10:23 Thursday 12th May 2016
BBC Radio Cambridgeshire

PAUL STAINTON: Litter a hot topic with you guys this morning. It really is. This from Trev in Manea who says:“We have a dedicated group. We get together once a month or so and tidy up in different parts of the village.” Great respect for them. Dale in Eye says:”Paul what an absolute disgrace and an awful introduction to England the link road is from Stansted Airport to the M11. It’s covered in litter and multiple potholes.

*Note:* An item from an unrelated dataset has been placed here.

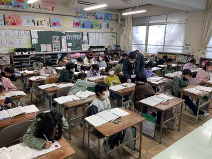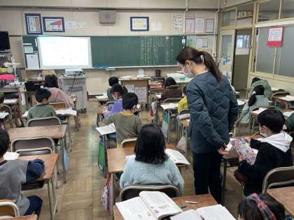 2年生の国語の授業のようすです。「第6場面を読み取ろう」というめあてで学習を進めていました。つなぎの言葉に注目して読み進め、「だれもが『楽しかった』と思えるようにおにごっこができるといい」という筆者の願いを読み取ることができましたね。
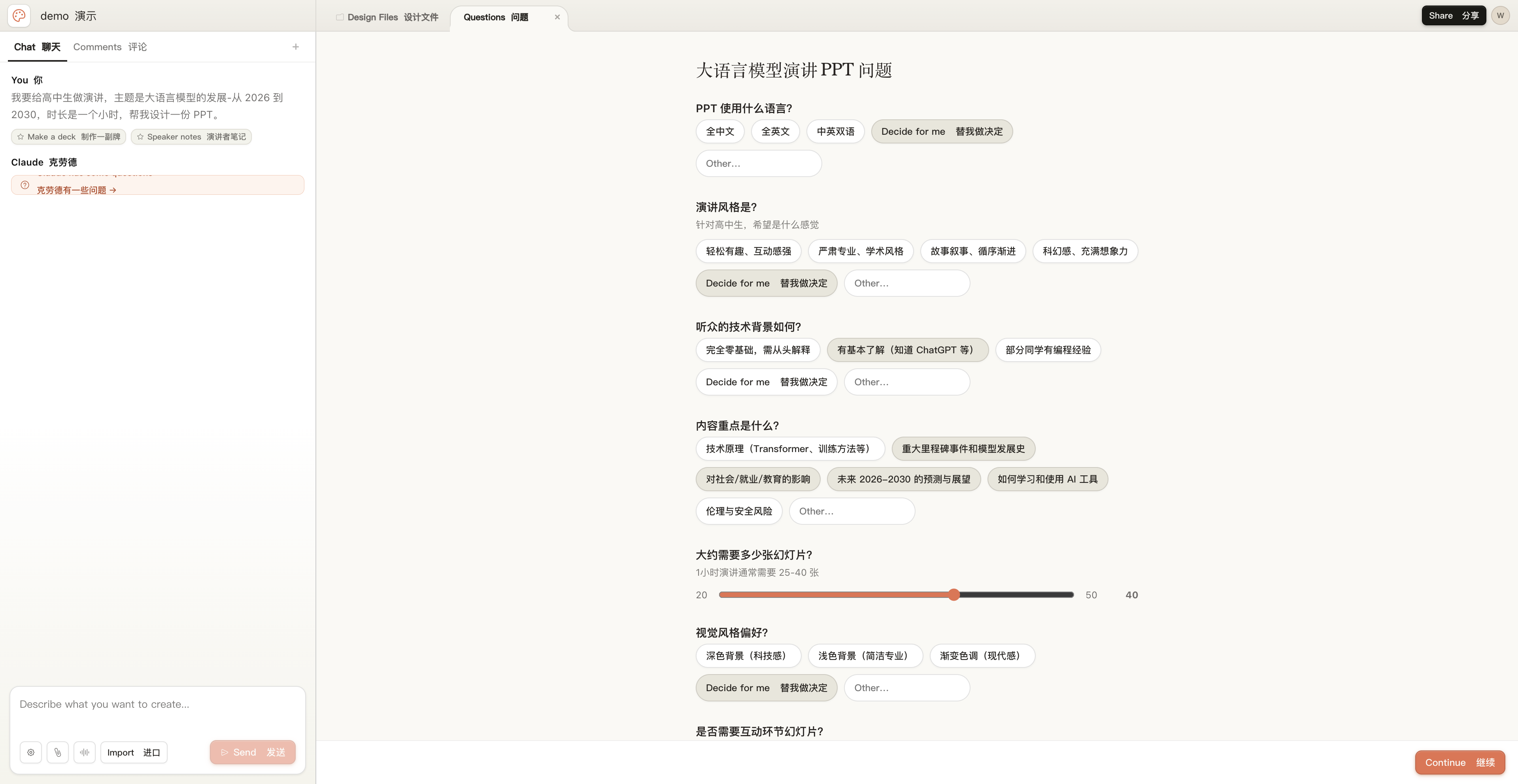 在测试 PPT 制作时,我们发送了一句简单的提示词,Claude 会生成一份问卷,要求我们回答,最后的 PPT 是什么形态,例如语言的要求、页数的要求、演讲者备注是否要详细、听众技术背景等等。

It’s absolutely unbelievable.” Yes. And you know you could say well they should clear it up, they should clean it up. But should people have to clear up after people? And why? Why do some people in society think it’s acceptable to litter the countryside and just make it look a mess. Does it drive you mad? Just what goes on in the mind of someone who throws crisp packets out the car windows? Campaigners have found 20 year old crisp packets in the Forest of Dean. And we’ve found some old coke cans and all sorts this morning. And we’ve just had a little look. We haven’t even done it scientifically. Well let’s speak to Jen Orrell who’s on the Communities Team at Peterborough Environment City Trust, who try and look after Peterborough anyway. Jen, morning.
JENNIFER ORRELL: Good morning Paul.
PAUL STAINTON: What would you like to do with people who litter the countryside? Can we broadcast it?